**Exercise materials:**
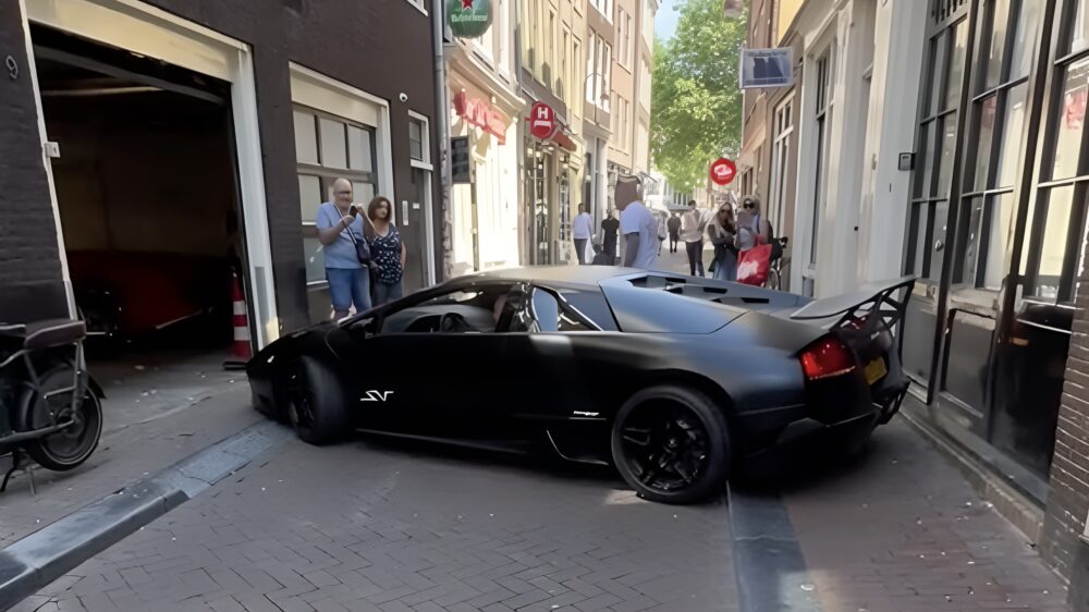In Amsterdam is het nog knap lastig parkeren met een Lamborghini Murciélago
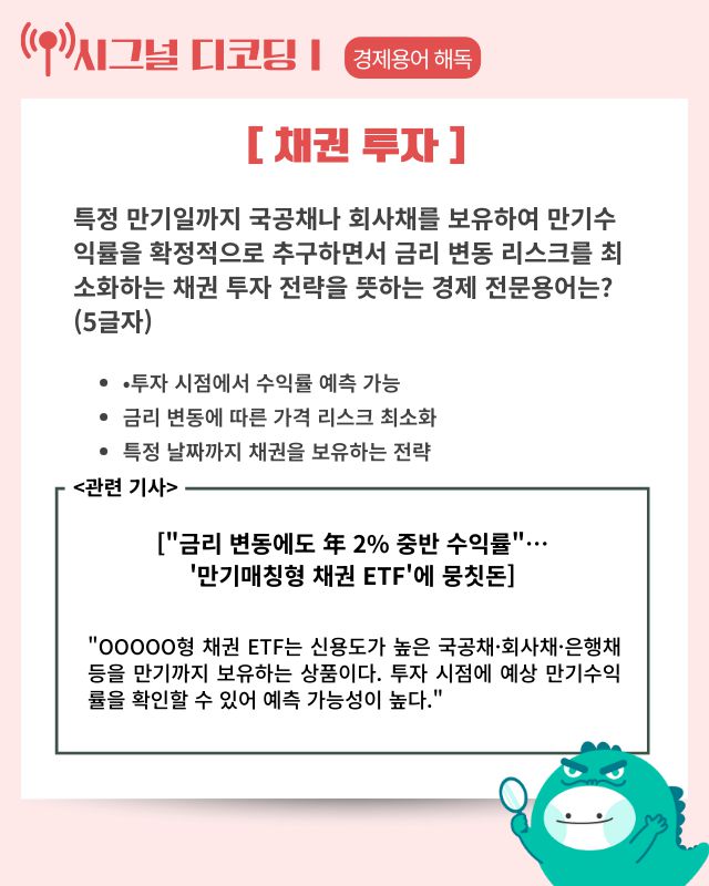 ? 채권 ETF 자산 배분: 만기매칭형 ETF 통한 연 2.5~2.7% 고금리 확정과 금리 하락 시세차익 전략 활용
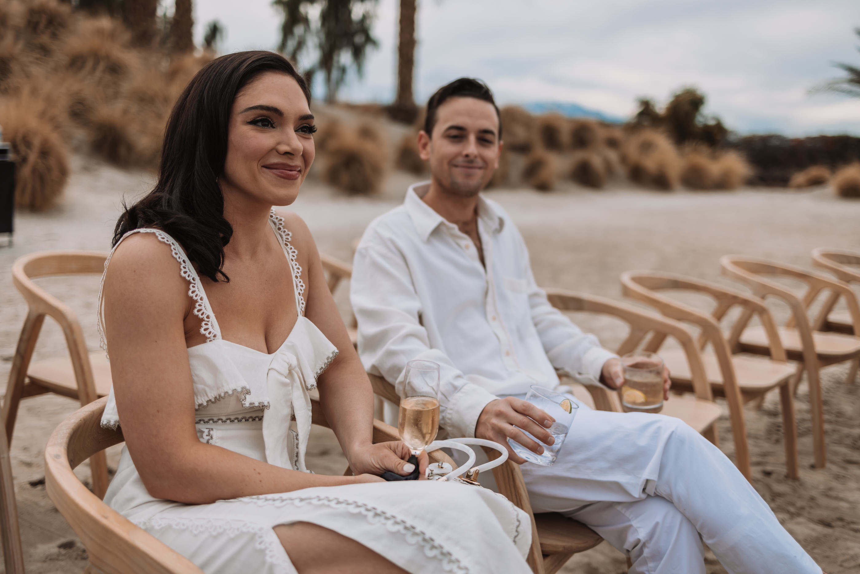 The Luxury Villa, Zenyara is best known as the epic Coachella Exclusive Parties!!! This upscale Wedding Venue makes you feel like your atop of the world! The white sand beach amongst the surrounding mountains and desert was a perfect touch for France and Jesse’s Tulum inspired Wedding Vibe! France and Jesse embraced the landscape and were so easy to communicate with as they trusted me with some of the least obvious backdrops and direction. It was important to the couple that I work quickly and thoroughly so they could enjoy their gust on their special day, and thus I found myself following my festival heart posing them against the European design with a splash of that Palm Springs elegance! Here are a handful of favorites for France and Jesse’s special Wedding Day!
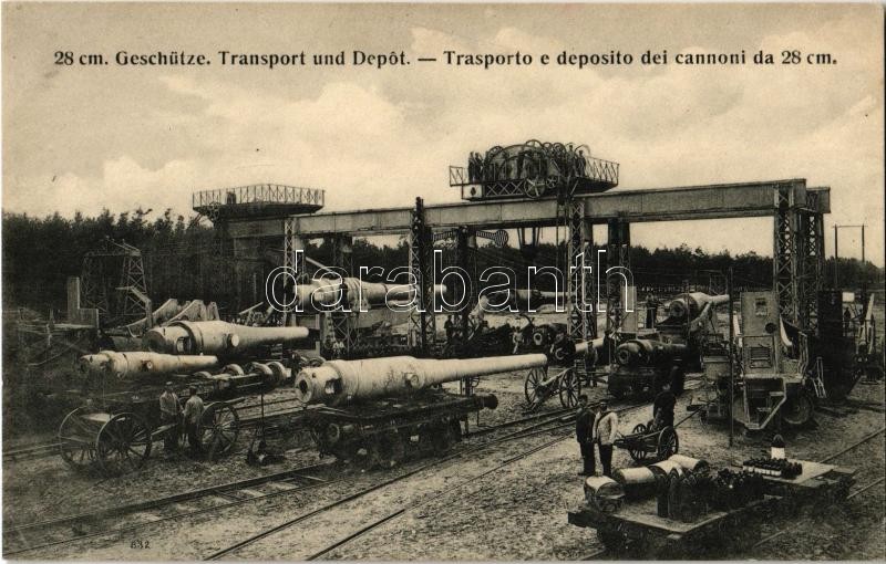 28 cm Geschütze. Transport und Depot. K.u.K. Kriegsmarine / Trasporto ... https://www.darabanth.com/en/32-Major-auction/32.1/Postcards/Warship~13795/28-cm-Geschutze-Transport-und-Depot-KuK-Kriegsmarine-Trasporto-e-deposito-dei-cannoni-da-28-~II2033917
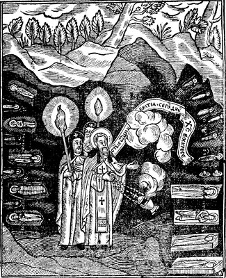 Композиция повторена Леонтием Тарасевичем на гравюре для издания патерика 1702 г., где художником привнесен дополнительный мотив небесного света, на переднем плане помещена горящая лампада. Д. облачен в фелонь, что подчеркивает его сан.
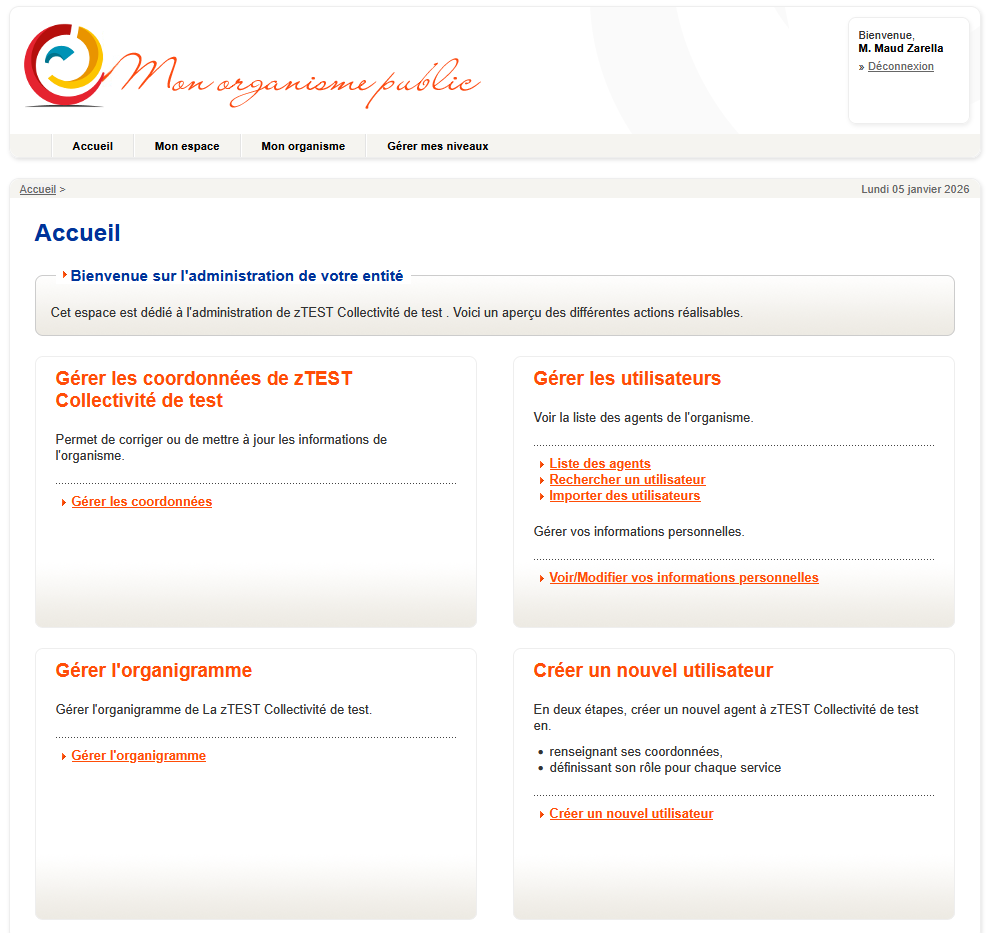 Avoir les accès administrateur de l’entité. Il s’agit du compte que vous avez donné pour la création de la collectivité lors de votre adhésion. Très souvent, il s’agit du mail de la mairie.
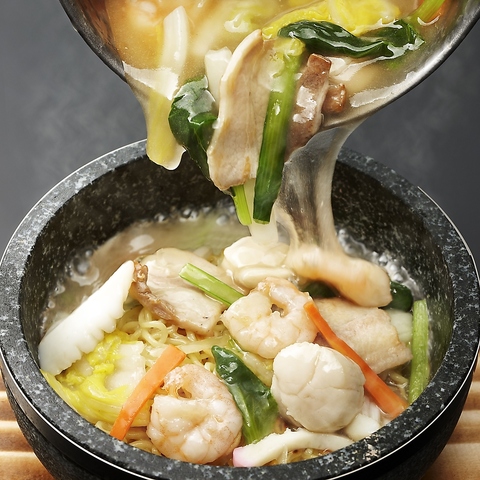 熱々、ジュージューの本場韓国の石鍋にとろ~り とあっさり味の広東風あんかけのやわらかな焼きそばです。石鍋でグツグツ煮立たせておりますので、いつまでも熱々な餡に麺を絡めて召し上がれ♪おこげがまた香ばしく食欲をそそる一品。お一人様で食べていただいてもいいですし、ご家族やお友達と一緒にシェアして頂いても◎

**Task statement:**
Go from the first line of the data above to the line containing "28 cm Geschütze." and retype exactly those lines, both included, but none of the pictures.

**Output:**
In Amsterdam is het nog knap lastig parkeren met een Lamborghini Murciélago
 ? 채권 ETF 자산 배분: 만기매칭형 ETF 통한 연 2.5~2.7% 고금리 확정과 금리 하락 시세차익 전략 활용
 The Luxury Villa, Zenyara is best known as the epic Coachella Exclusive Parties!!! This upscale Wedding Venue makes you feel like your atop of the world! The white sand beach amongst the surrounding mountains and desert was a perfect touch for France and Jesse’s Tulum inspired Wedding Vibe! France and Jesse embraced the landscape and were so easy to communicate with as they trusted me with some of the least obvious backdrops and direction. It was important to the couple that I work quickly and thoroughly so they could enjoy their gust on their special day, and thus I found myself following my festival heart posing them against the European design with a splash of that Palm Springs elegance! Here are a handful of favorites for France and Jesse’s special Wedding Day!
 28 cm Geschütze. Transport und Depot. K.u.K. Kriegsmarine / Trasporto ... https://www.darabanth.com/en/32-Major-auction/32.1/Postcards/Warship~13795/28-cm-Geschutze-Transport-und-Depot-KuK-Kriegsmarine-Trasporto-e-deposito-dei-cannoni-da-28-~II2033917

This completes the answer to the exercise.